Scaling of pretraining makes System 1 thinking stronger, o1/R1-like training might end up stitching together a functional System 2 applicable in general that wouldn’t need to emerge fully formed as a result of iteratively applying System 1. If the resulting model is sufficiently competent to tinker with AI training processes, that might be all it takes for it to quickly fix remaining gaps in capability. In particular, if it’s able to generate datasets and run some RL post-training in order to make further progress on particular problems, this might be a good enough crutch while online learning is absent and original ideas can only form as a result of fiddly problem specific RL post-training that needs to be set up first.
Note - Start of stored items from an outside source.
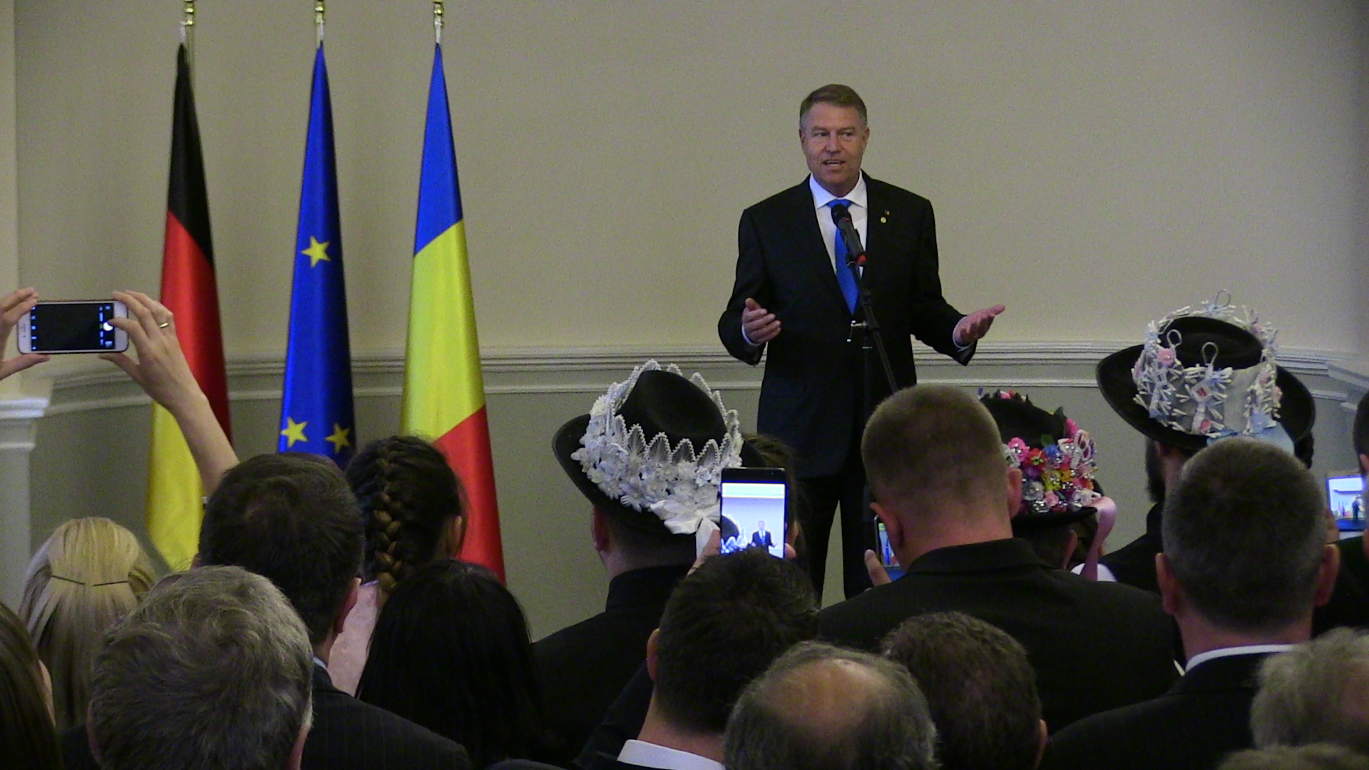 Preşedintele Klaus Johannis, membru al comunităţii germanilor din România şi fost preşedinte al Forumului German, a amintit exemplul pe care România îl dă Europei în ceea ce priveşte politica statului pentru minorităţile naţionale.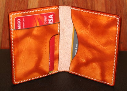 This is my SlimLine Bifold. You're going out to dinner and you don't need everything that's in your other wallet. Make this your everyday wallet. Everything that you need right at your fingertips. Made from 2/3 oz. full-grain veg-tan leather. 4 card slots. Hand stitched with waxed polyester thread, hand burnished, hand buffed, then sealed with beeswax, then hand buffed again. Burnished edges really make it, Make it your's. Color combos are Red on Tan, Oxblood on Black, Brown on Black, Saddle Tan on Brown. These are not the distressed wallets like my others. You can work the leather to your liking by bending not creasing, but gently bending. All leather products have a break-in period. Through the years, this wallet will develop a rich patina and will have its own character.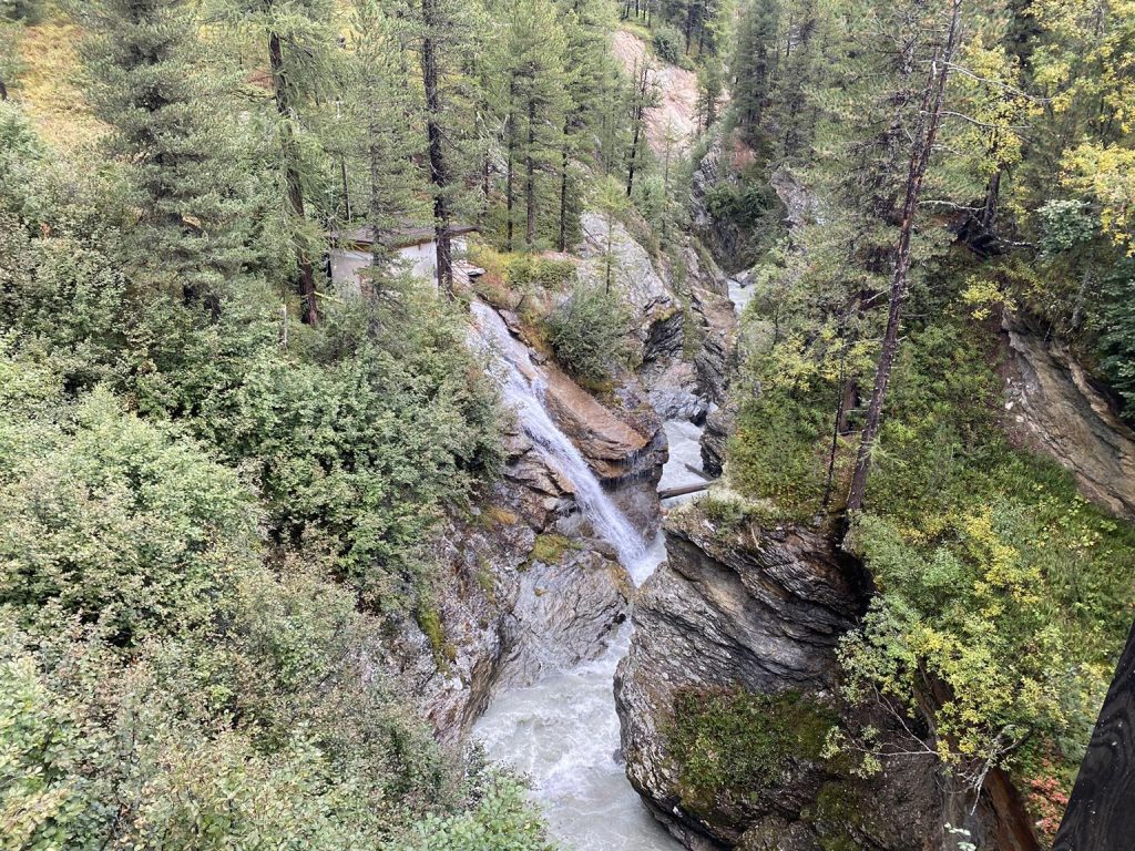 Das Martelltal ist bekannt dafür, dass Erdbeeren bis zu einer Höhe von 2000 müM bis Mitte November gedeihen. Nach weiteren 10 Minuten warten kommt der wesentlich kleinere Bus, der uns am Zufritttsee vorbei zum Alpengasthof Enzian auf knapp über 2000 müM bringt. Der Aufstieg zum See ist sehr steil und schmal viele enge Kehren daher der kleine Bus. Im Alpengasthof Enzian kehren wir erstmal ein. Da Mittagszeit ist vespern wir erst einmal. Als Nachtisch gibt es die Legendären Martelltal-Erdbeeren. Hier gönnen wir uns je ein T-Shirt mit Martelltal Aufdruck als Andenken. Natürlich dokumentieren wir diesen denkwürdigen Augenblich mit einem Foto. Jetzt wo wir frisch gestärkt sind, starten wir zu einer kleinen Wanderung. Leider zieht eine Wolke ins Tal und verliert Wasser. Nicht schön, aber nicht schlimm, denn wir sind nicht aus Zucker. Zuerst geht es bergauf bis zum Einstieg in die Plima-Schlucht. Hier in der sehr schönen Bergkulisse steht die Ruine von einem recht großen Hotel, schade für die Landschaft, dass müsste nicht sein. In der Schlucht geht es entlang vom Bach „Plima“ steil bergab von 2312müM auf 1880müM. Da es noch immer regnet ist es schlüpfrig und wir müssen sehr aufpassen, wo wir hintreten. Dank meiner Powersandalen bekomme ich keine nassen Socken. Da wir vorsichtig absteigen, benötigen wir viel Zeit und müssen unsere Planung anpassen. Ursprünglich wollten wir noch um den See herumlaufen. Sicherheitshalber, es ist der letzte Bus für diesen Tag, laufen jetzt nur bis zum See Anfang zur Haltestelle vor der Pension Zufritt. Schon nach kurzem warten kommt der Bus und bringt uns wieder Richtung Tal nach Gand. Von Gand geht es mit dem großen Bus bis Schlanders. Zum Glück regnet es nicht mehr und wir marschieren bergauf nach Kortsch, wo unser Hotel ist. Eigentlich wollten wir noch im Hotel eigenem Schwimmbad relaxen, doch zu Gunsten von einem Feierabend-Bier verzichten wir darauf. Wieder genießen wir unser Abend-Menü. Es gibt Vorspeise, Suppe, Hauptgericht und Nachtisch, dazu gönnen wir uns eine Flasche Wein. Wir nehmen uns noch eine Flasche mit aufs Zimmer und hören wieder Musik. Um 1:00 löschen wir wieder das Licht. Das war ein schöner Pausetag.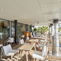 明るく開放的な空間で、テラス席はペットの同伴も可能。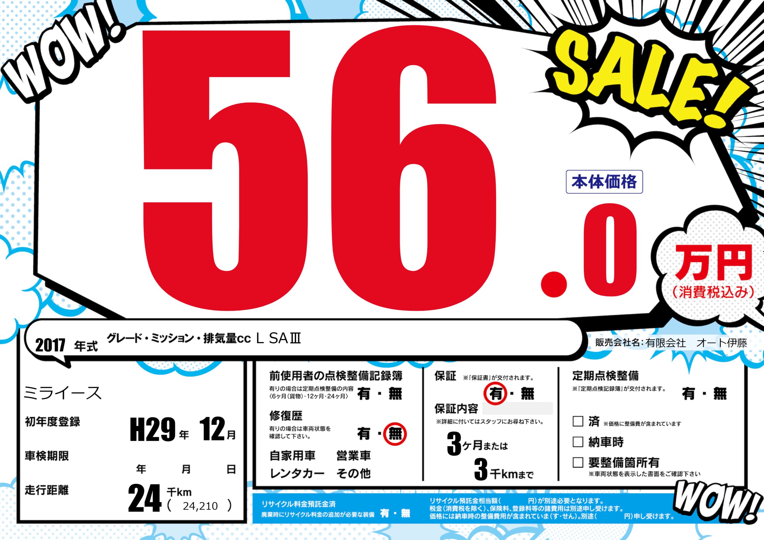 | 車名 | ミライース | グレード ミッション 排気量 |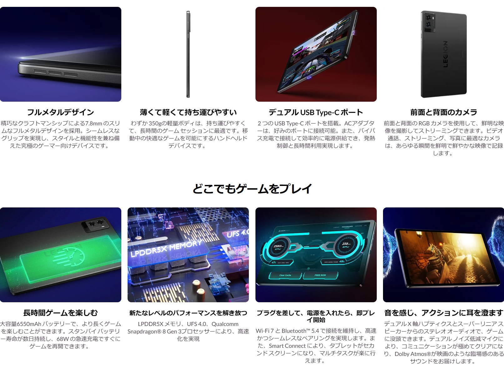 Lenovoは1月8日、Snapdargon 8 Gen 3搭載の8.8インチゲーミングタブレット「Legion Tab 8.8(Gen3)」、Snapdargon 8 Gen 3搭載の12.7インチAndroidタブレット「Yoga Tab Plus」、Dimensity 8300搭載の12.7インチAndroidタブレット「Idea Tab Pro」を発売しました。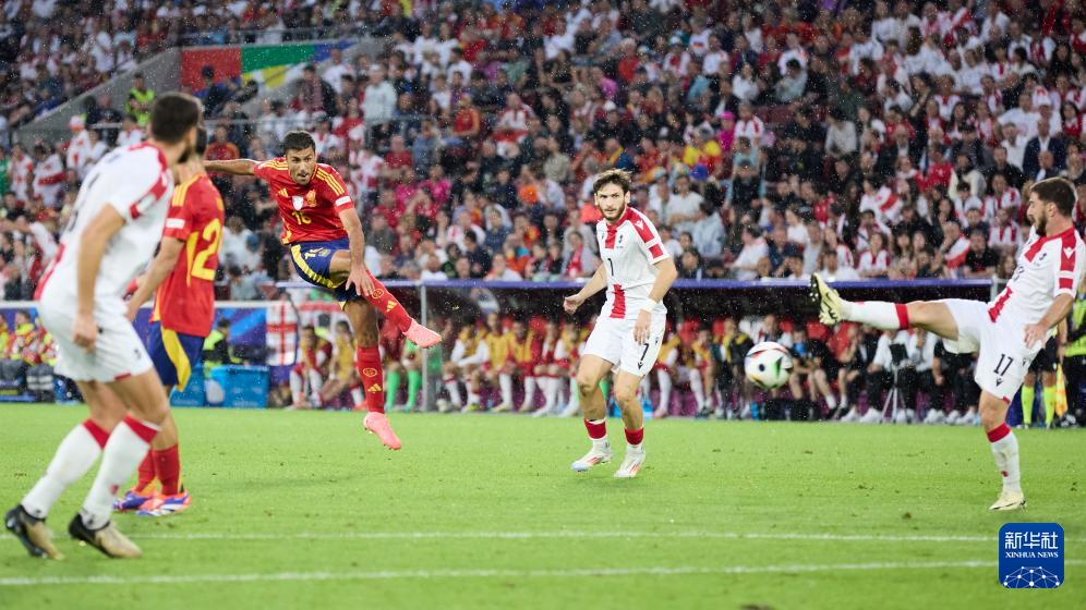 6月30日,西班牙队球员罗德里(左三)在比赛中破门得分。新华社记者 孟鼎博 摄

It’s an argument about long reasoning traces having sufficient representational capacity to bootstrap general intelligence, not forecasting that the bootstrapping will actually occur. It’s about a necessary condition for straightforward scaling to have a chance of getting there, at an unknown level of scale.
Yes, I agree with almost all of that, particularly:
Technically it deep learning research is concerned with inventing AIs, but lately through inventing AI training processes.
The only part I either don’t understand or don’t agree with is:
Though a simple training process certainly find diverse functions, I don’t think the current paradigm will get all of the ones needed for AGI.
Scaling of pretraining makes System 1 thinking stronger, o1/R1-like training might end up stitching together a functional System 2 applicable in general that wouldn’t need to emerge fully formed as a result of iteratively applying System 1. If the resulting model is sufficiently competent to tinker with AI training processes, that might be all it takes for it to quickly fix remaining gaps in capability. In particular, if it’s able to generate datasets and run some RL post-training in order to make further progress on particular problems, this might be a good enough crutch while online learning is absent and original ideas can only form as a result of fiddly problem specific RL post-training that needs to be set up first.
It might go that way, but I don’t see strong reasons to expect it.
It’s an argument about long reasoning traces having sufficient representational capacity to bootstrap general intelligence, not forecasting that the bootstrapping will actually occur. It’s about a necessary condition for straightforward scaling to have a chance of getting there, at an unknown level of scale.